Mi sobrina de cuatro años vive mendigando una pasadita de rouge adulto. Está fascinada con la mágica ductilidad del colorete, el misterio nocturno de la sombra y la insistencia del perfume infantil. Tiene una carterita llena de porquerías: labiales, pulseras, un anillo de diamantes plástico, dos extensiones de pelo rosa, collares, un set de perfumes frutales y un kit de setenta sombras. Sin embargo, su tierna coquetería es un arma de doble filo: la vehemencia con la que se pinta y su incapacidad para respetar el contorno de los labios la acercan más a la caricatura de un payaso trastornado que a la de una princesa.

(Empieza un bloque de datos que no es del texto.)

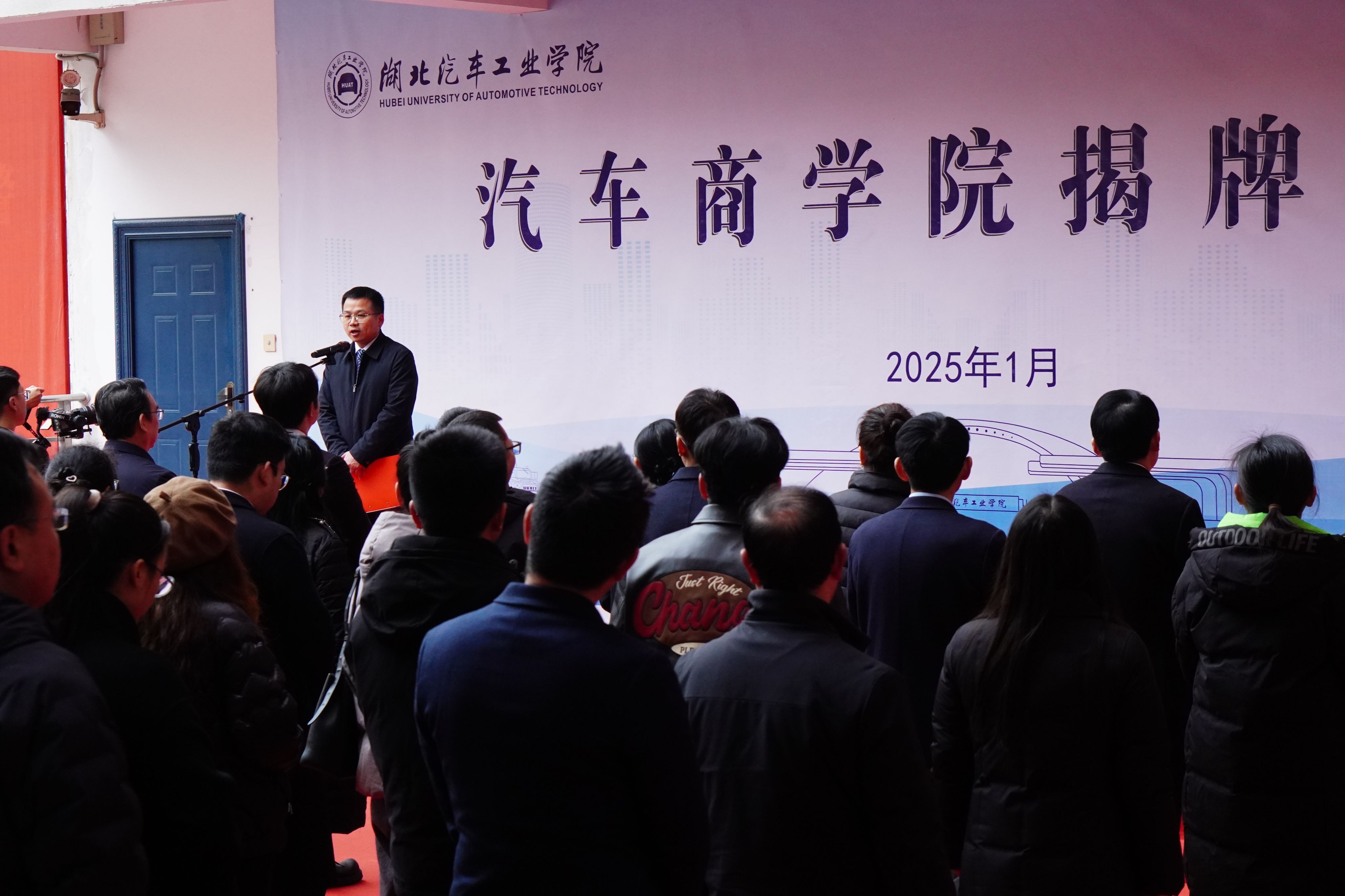 2025年1月14日上午,6686揭牌仪式在四教一楼举行,会议由6686经理殷旅江主持。揭牌仪式现场气氛热烈庄重,湖北汽车工业公司党委副书记、董事长王晓、6686新的领导班子以及学院师生代表齐聚一堂,共同见证这一具有里程碑意义的时刻。
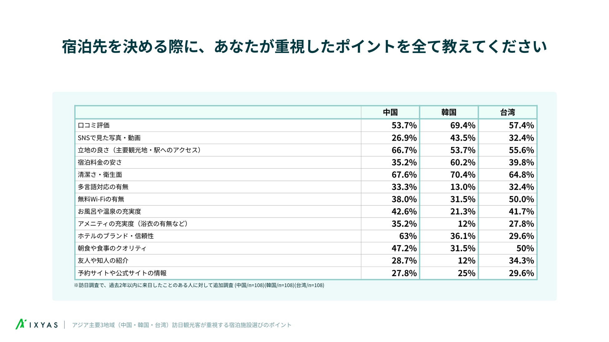 韓国は 価格(60.2%) を最も重視し、コスパを重視。中国は 立地(66.7%) を重視し、観光の利便性を優先。台湾は 食事(50.0%)と清潔さ(64.8%) を重要視する傾向がある。
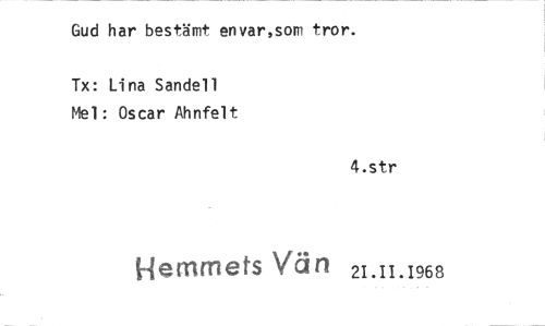 //// Gud har bestämt envar,som tror. //// Tx: Lina Sandell Mel: Oscar Ahnfelt //// 4.str //// Hemmets Vän 21.11.1968 ////
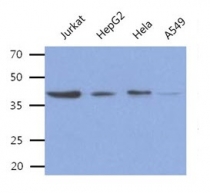 Western blot: 40 µg of Jurkat, HepG2, HeLa, and A549 stained with ARG57036 anti-ACY1 / Aminoacylase 1 antibody [1E2] at 1:500.
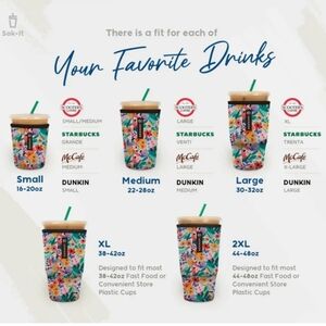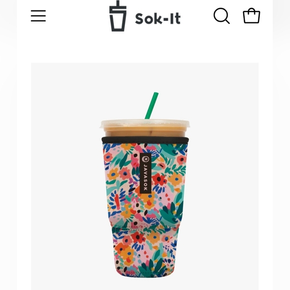 Large (30 - 32oz.) Java Sok from Sok-It. Reusable insulating cold beverage sleeve. Bright, multi-color, watercolor-esque floral print. Brand new, in the package. Received the wrong size and they would not allow an exchange.
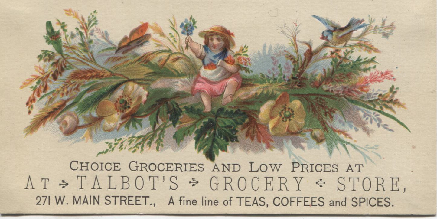 Talbot's Grocery Store Antique Trade Card - 5" x 2.5"
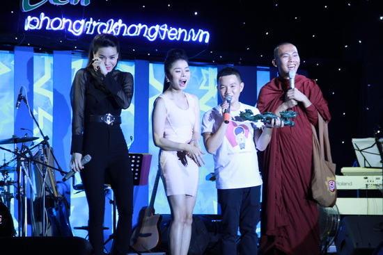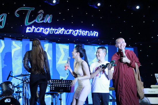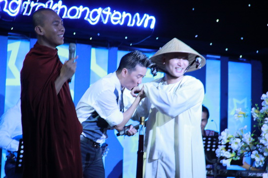 Cứ mỗi lần hai nữ ca sĩ giơ tay lên trán để che bớt ánh sáng cho dễ nhìn khán giả, vị sư thầy lại ví họ như Tôn Ngộ Không đang đi tìm sư phụ

Curiosamente, dentro de diez años, cuando pueda elegir una paleta de colores más discreta, las mismas personas que una vez le ofrecieron rubor generoso, le prohibirán el delineador negro hasta cumplir –por lo menos- dieciseis. La revancha llegará pocos años después cuando intente probar su incipiente madurez abusando del polvo base, del brillo sabor a banana, el delineador para labios, el esmalte de uñas negro o celeste, y el perfume reincidente. Se maquillará con desenvoltura para cualquier ocasión; incluso para ir al supermercado o al colegio por la mañana.
A los veinticinco, sin embargo, es muy probable que este ritual se simplifique (y apenas use delineador negro y corrector de ojeras); y una década más tarde, cuando el duro espejo le presente una realidad amarga, abandonará la decoración caprichosa para entregarse al espíritu reparador de la crema antiarrugas, el bálsamo regenerador con vitaminas y el pulverizador de agua termal.

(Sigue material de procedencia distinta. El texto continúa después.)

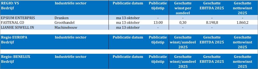 Voor bedrijfsresultaten moet u nog één dagje wachten alvorens het derde kwartaal cijferseizoen van start gaat. En dat wachten wordt opgeleukt door Epsium Enterprise, Fastenal en Lianhe Sowell International.
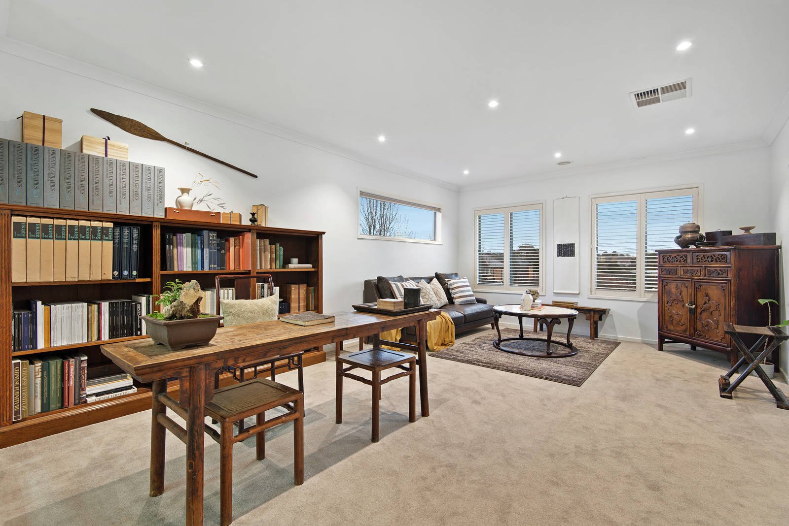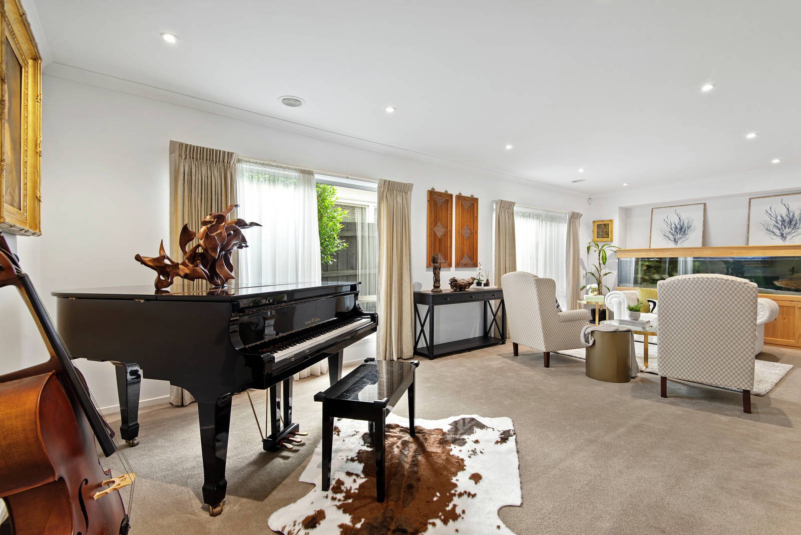 The flourishing, lush garden provides a private oasis for relaxing and plenty of space for the kids to play. Upstairs, the stairway with chandelier lighting, reveals yet another flexible living space alongside four bedrooms. The light-filled master bedroom reveals an enormous space with two walk-in-robes and dual access bathroom with double vanity and a bath overlooking leafy back garden below. Three further bedrooms, including a second with walk-in-robe and a sparkling family bathroom, offers ample room for family and guests. In front, the instant appeal is enhanced by ornamental trees and elegantly landscaped garden with the convenience of remote access, solar power, security and internal entry from the double garage.

Alrededor de los cuarenta y cinco, quizá fantasee con una pequeña cirugía. Su mayor preocupación serán las arrugas, las manchas de la piel y el borde de los labios, que se borra de manera misteriosa con el correr de los años.
Recién a los sesenta años volverá a sentir la fuerza de ese primer amor. No habrá aros suficientemente dorados ni rubor más estridente. Todos los collares encontrarán su cuello. Todas las pulseras. Todos los perfumes. Todos los labiales. Como una caja de crayones derretidos reventándose en el piso. Exactamente igual que cincuenta y seis años atrás.